Data shown:
=== Begin Enclosure ===
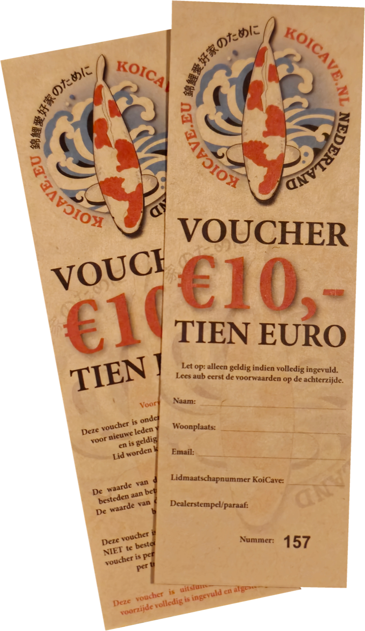 Send an email to leden@koicave.nl. Once approved, you’ll receive a payment request for the €10 and your membership card will be mailed to your home address. You’ll also receive the €10 discount voucher.
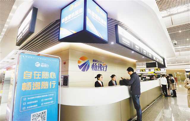 重慶日報(bào)記者在現(xiàn)場看到,T3航站樓內(nèi)、外均設(shè)置了“重慶飛·暢逸行”專用指引標(biāo)識,指引旅客前往“重慶飛·暢逸行”服務(wù)站點(diǎn),向工作人員咨詢相關(guān)產(chǎn)品。
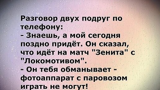 Разговор двух подруг по телефону: - Знаешь, а мой сегодня поздно придет. Он сказал, что идет на матч "Зенита" с "Локомотивом"...
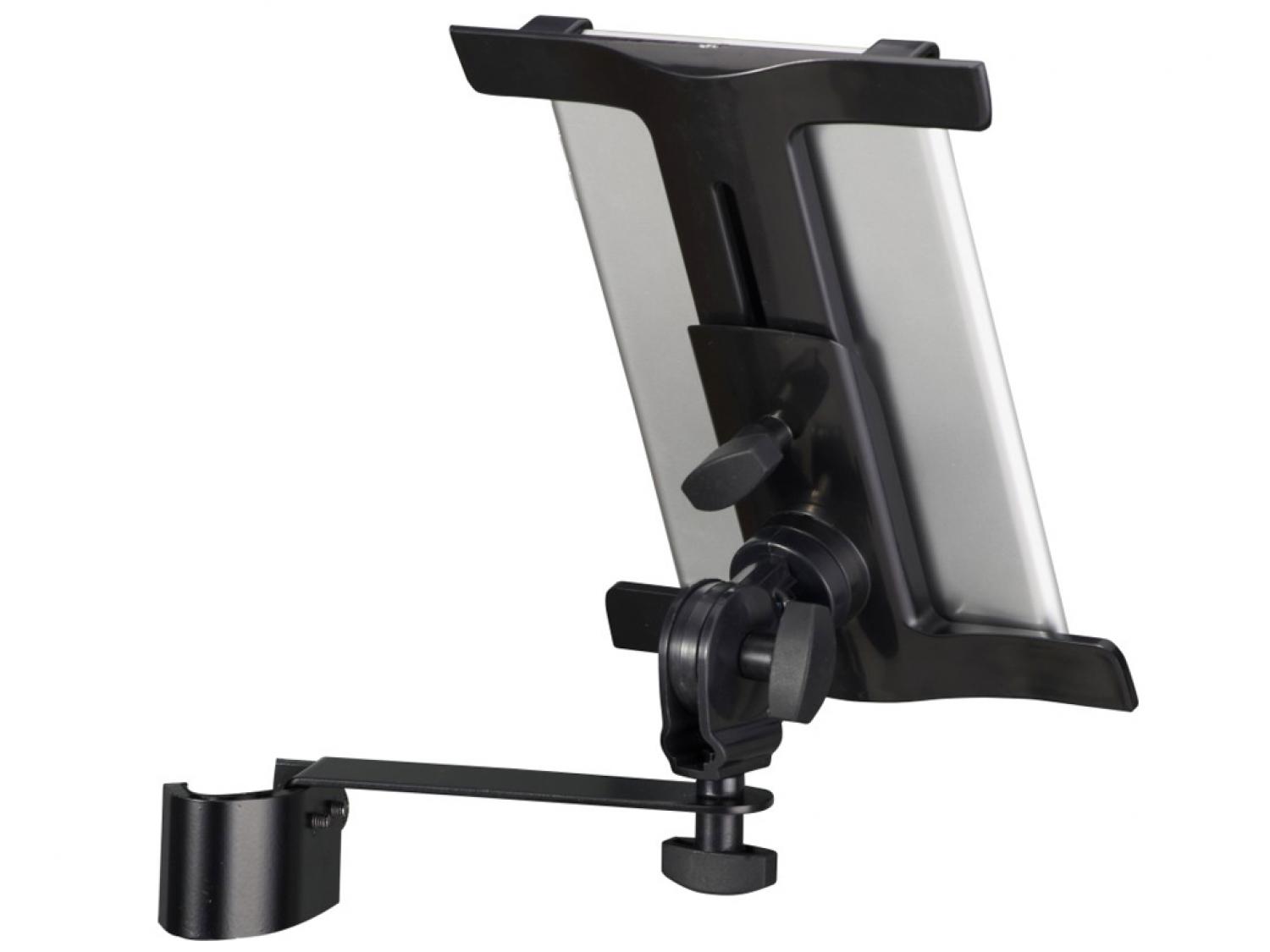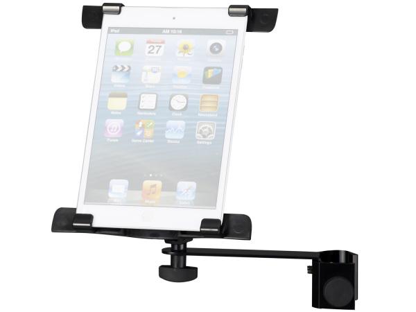 Supporto universale Proel per tablet, realizzato in metallo ed ABS. Il PROIPS03 ha caratteristiche simili al PROIPS02, ma può essere utilizzato solo per montaggio su aste microfonich, e/o altre tipologie di supporto, per mezzo del morsetto agganciabile a tubi dal diametro minimo di 14mm fino ad un massimo di 25mm. Questo supporto offre innumerevoli regolazioni con libertà d'uso e leggibilità ottimali durante le esibizioni live.
=== End Enclosure ===
Action item: In the answer, give only the lines from the top of the data above through the line with "Разговор двух подруг", reproduced exactly; no picture may appear.

Answer area:
 Send an email to leden@koicave.nl. Once approved, you’ll receive a payment request for the €10 and your membership card will be mailed to your home address. You’ll also receive the €10 discount voucher.
 重慶日報(bào)記者在現(xiàn)場看到,T3航站樓內(nèi)、外均設(shè)置了“重慶飛·暢逸行”專用指引標(biāo)識,指引旅客前往“重慶飛·暢逸行”服務(wù)站點(diǎn),向工作人員咨詢相關(guān)產(chǎn)品。
 Разговор двух подруг по телефону: - Знаешь, а мой сегодня поздно придет. Он сказал, что идет на матч "Зенита" с "Локомотивом"...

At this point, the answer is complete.